It's an Ashkenazi book, so forgive his ignorance of Sephardi and Yemenite practice. But nearly everything he has to say theoretically about the te'amim of the 21 and 3 books is pretty spot-on. You will simply have to substitute his melodic examples and speculations. There is also the issue that non-Ashkenazi psalm-cantillation can use a verse-melody... a kind of semi-improvisational or stock tune that is recited over words with minor te'amim.

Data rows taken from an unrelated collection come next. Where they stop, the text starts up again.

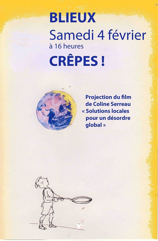 – Samedi 4 février : crêpes et projection du film de Coline Serreau : « Solutions locales pour un désordre global ».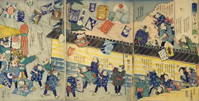 江戸の町には門付と呼ばれる芸人が訪れて、獅子舞・猿回し・太神楽・大黒舞・万歳などを披露しました。また外では凧あげや独楽遊び、羽根つき遊び等が行われ、大人も子どもも「ハレ」の日を楽しみました。
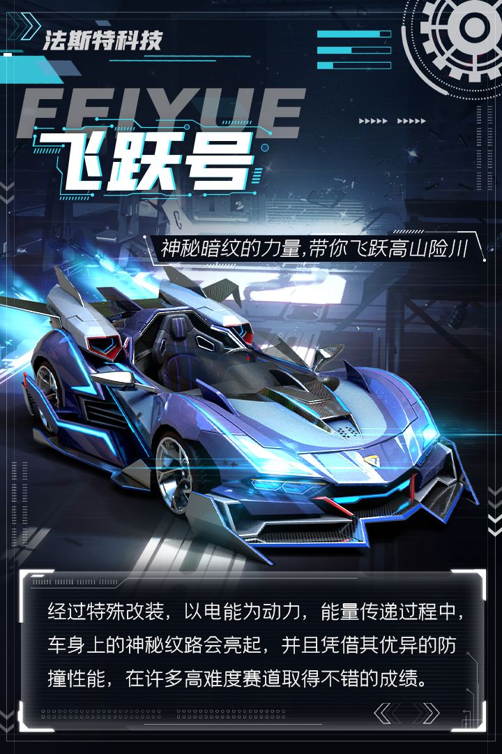 飞跃号是属于「滚石摇篮」院长的赛车,也是游戏故事中主角的第一辆赛车。它经过特殊改装,以电能为动力,能量传递过程中,车身上的神秘纹路会亮起。无论是外表还是性能,都在所有赛车中名列前茅。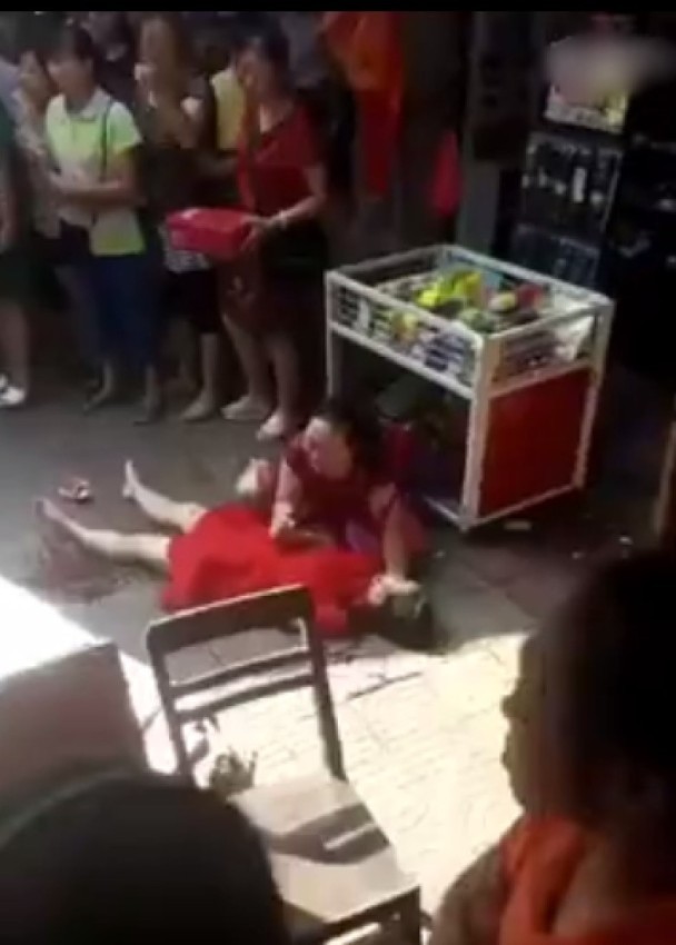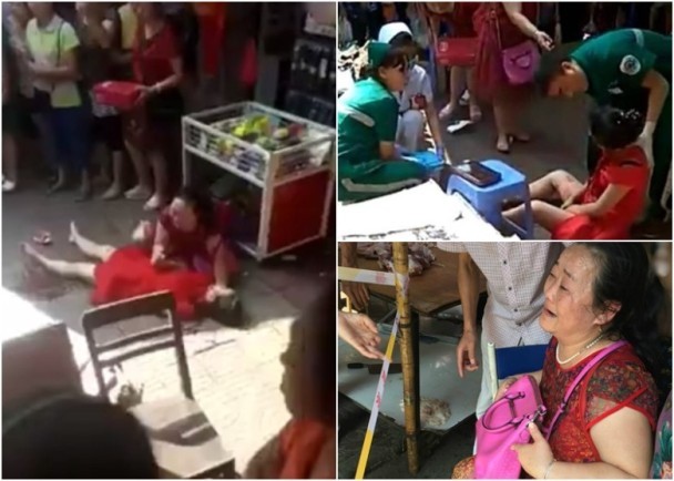 案发时,一家人正在逛街,突然听到有女子的尖叫声,转过去一看,发现一个中年男子正拿着刀,连续向年轻女子的后腰部位刺了3下。
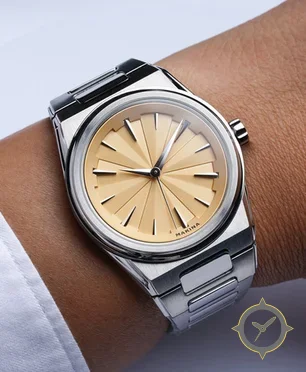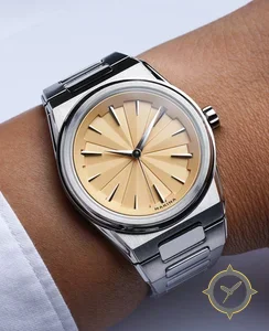 A Sports watch with a vintage-inspired 37mm case, crafted from stainless steel featuring a gold dial with a unique faceted sunburst (geometric facets) finish.

But the performance practice of Psalm cantillation is at once simple and subtle and very deep and complicated. I've spent some time trying to understand the underpinnings of the various traditions, albeit as an aside to my main focus of assembling a database of melodies for the 21 books. Isaac Treuherz Montague is far more adept on this topic than I am. But he hasn't published anything on it yet.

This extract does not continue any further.